Пролив Мона, через который предстояло пройти в Карибское море, относительно широк — около 150 километров, и глубины в нем свыше 200 метров. Он соединяет две глубоководные впадины — Пуэрто-Риканскую — на севере (918 метров) и Венесуэльскую на юге (максимальная глубина — 5630 метров). Несмотря на 150-километровую ширину Моны, перекрыть пролив со стопроцентной гарантией не представляло особого труда, учитывая систему SOSUS.

К-240 предстояло форсировать пролив с довольно большой невязкой. Определить точно свое место к моменту прохода узкости — святая обязанность штурмана — не удалось. Дело в том, что астрономическая система определения по звездам «Волна» требует, естественно, звездного неба, а оно, как назло, было закрыто в Саргассовом море плотными облаками.
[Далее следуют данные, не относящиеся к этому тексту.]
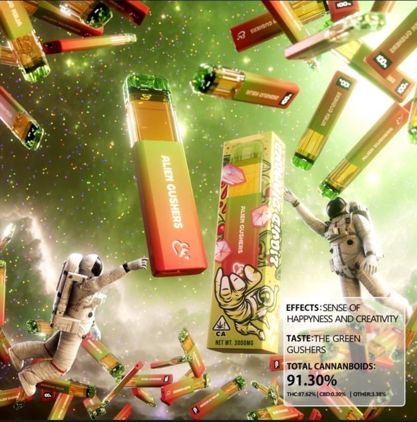 | Flavors | Hawaiin Punch, Hawaiin Bomb Pop, Grape Galaxy, Diamond Dust, Cranberry Jizz, Cocolandia, Cinnamon Toast, Churros, Cherry Yumyum, Carrot Cake, Carribean Frizz, Cactus Quencher, Blue Crack, Berries ‘N’ Milk, Alien Gushers |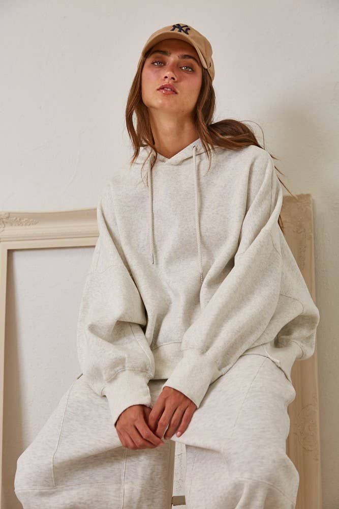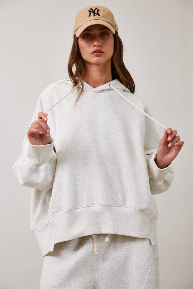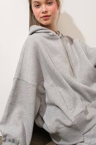 Sprint Movement Hoodie -Washed -Slouchy -Oversized Fit -Hip-length -Adjustable Drawstrings -Dropped shoulders -Slits at Both Sides, High-Low Hem -Banded Hemlines. -Hand Pockets -Seam Detailing Throughout -Imported Model's height is 5' 8" and wearing a size S

— Шли, в основном, по счислению, поэтому невязка у нас была равна едва ли не ширине пролива, — вспоминает Стоянов. — Тем не менее надо было идти в Мону, несмотря на такую погрешность в определении места. Определяться другими методами означало для нас потерю скрытности. Слава Богу, больше благодарить некого, мы благополучно вошли в Карибское море, где нас поджидала целая поисковая армада, в 112 вымпелов. Но они ждали, что мы пойдем обычной для подводного форсирования проливов скоростью, 6–8 узлов. А я приказал развить ход до 16 узлов. Риск, конечно, был. Но зато удалось ввести встречающих в заблуждение. После пролива Моны я отвернул в сторону Малых Антильских островов и сбросил ход до 2 узлов. Все шумящие агрегаты вырубили, режим «полная тишина» и вот так вот на глубине 120 метров уходили от преследователей. Я считаю, что форсировать пролив нам удалось без потери скрытности. Экипаж действовал, как единый организм Как на себя самого, я мог положиться на своего старпома, капитана 2-го ранга Льва Сергадеева.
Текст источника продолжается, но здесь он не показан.